# Task instructions
Can you transcribe the data exactly? Leave the pictures out.

# The data

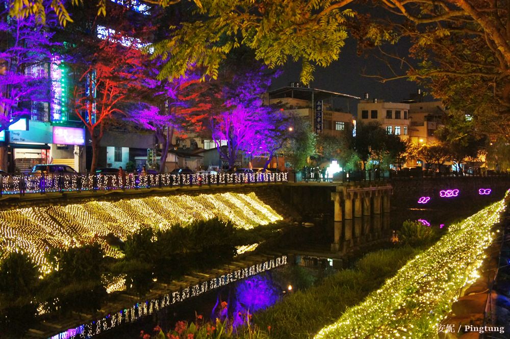 屏東千禧公園勝利東路開始,綵燈節順著萬年溪河畔到民生路
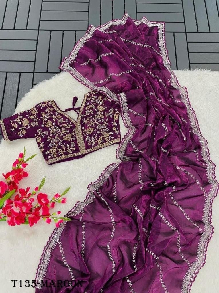 Saree:Pure soft Jimmy choo silk sarees with amazing 3 mm sequence work with work border nd aarco
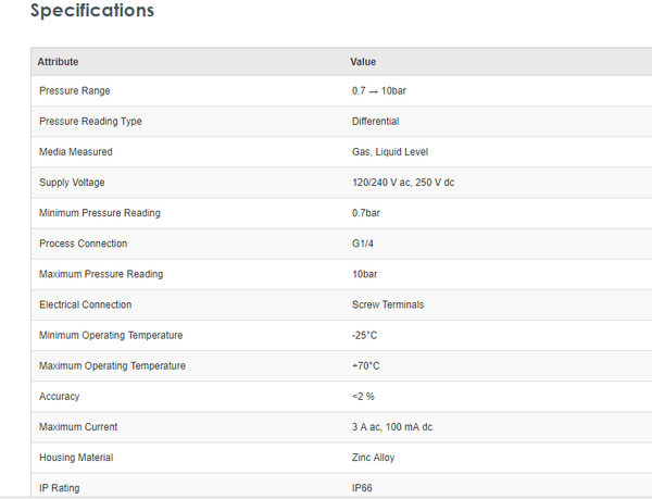 Telemecanique XMLC010B2S12 Sensors Gas, Liquid Level Differential Pressure Switch 0.7 → 10bar, 120/240 V ac, 250 V dc - Brand new item, still in OEM packaging  - Check out the images for more product details Product details Osisense XML pressure...View more

# Your response
 屏東千禧公園勝利東路開始,綵燈節順著萬年溪河畔到民生路
 Saree:Pure soft Jimmy choo silk sarees with amazing 3 mm sequence work with work border nd aarco
 Telemecanique XMLC010B2S12 Sensors Gas, Liquid Level Differential Pressure Switch 0.7 → 10bar, 120/240 V ac, 250 V dc - Brand new item, still in OEM packaging  - Check out the images for more product details Product details Osisense XML pressure...View more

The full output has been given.